Current technologies for cellular metabolomics are complex, costly, and lack single-cell resolution. We propose optical metabolic imaging (OMI) as a tool to noninvasively monitor cellular metabolism on a single-cell level. OMI uses two-photon microscopy and time correlated single photon counting to measure the fluorescence lifetime and intensity of endogenous metabolic coenzymes NAD(P)H and FAD. However, the biochemical basis of changes in OMI parameters such as redox ratio (NAD(P)H intensity divided by FAD intensity), NAD(P)H lifetime, and FAD lifetime remains unclear. A thorough understanding of these biochemical sources of contrast is needed to interpret OMI studies of drug efficacy, and thus leverage OMI as a tool for drug screening and metabolic research. To address this issue, we profiled 11 CRISPR-mediated knockout human cell lines with single gene deletions corresponding to mitochondrial proteins involved in characterized pathways, and complexes ranging from oxidative phosphorylation to mitochondrial structure. The wild-type and knockout cells were plated at an equal density on 35mm imaging dishes in parallel with additional plates for other analyses. After 48hrs, cells were imaged or collected for mass spectrometry-based metabolomic, proteomic, and lipidomic analyses. OMI of the wild-type and knockout haploid cells yielded statistically significant differences in redox ratio, NAD(P)H and FAD mean lifetimes (ANOVA, p<0.005) that were specific to the knockout.
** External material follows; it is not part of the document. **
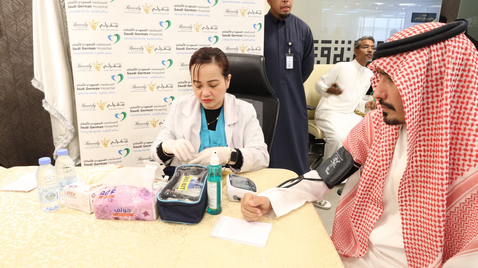 كما تضمنت تقديم خدمات طبية تشمل: طب الأسرة، العيون، العلاج الطبيعي، قياس الضغط والسكر، قياس كتلة الجسم.

Comparisons between OMI and parallel multi-omic analysis of each knockout are currently underway. This comprehensive dataset will provide a better understanding of the biochemical basis for OMI measurements, which could enable robust, single-cell monitoring of metabolic activity.

Paper Details

Date Published: 14 March 2018
Proc. SPIE 10498, Multiphoton Microscopy in the Biomedical Sciences XVIII, 104980F (14 March 2018); doi: 10.1117/12.2290247
Show Author Affiliations
Amani Gillette, Univ. of Wisconsin-Madison (United States)
Morgridge Institute for Research (United States)
Peter Favreau, Morgridge Institute for Research (United States)
Jarred Rensvold, Morgridge Institute for Research (United States)
Ava VanDommelen, Morgridge Institute for Research (United States)
David Pagliarini, Morgridge Institute for Research (United States)
Univ. of Wisconsin-Madison (United States)
Melissa Skala, Morgridge Institute for Research (United States)
Univ. of Wisconsin-Madison (United States)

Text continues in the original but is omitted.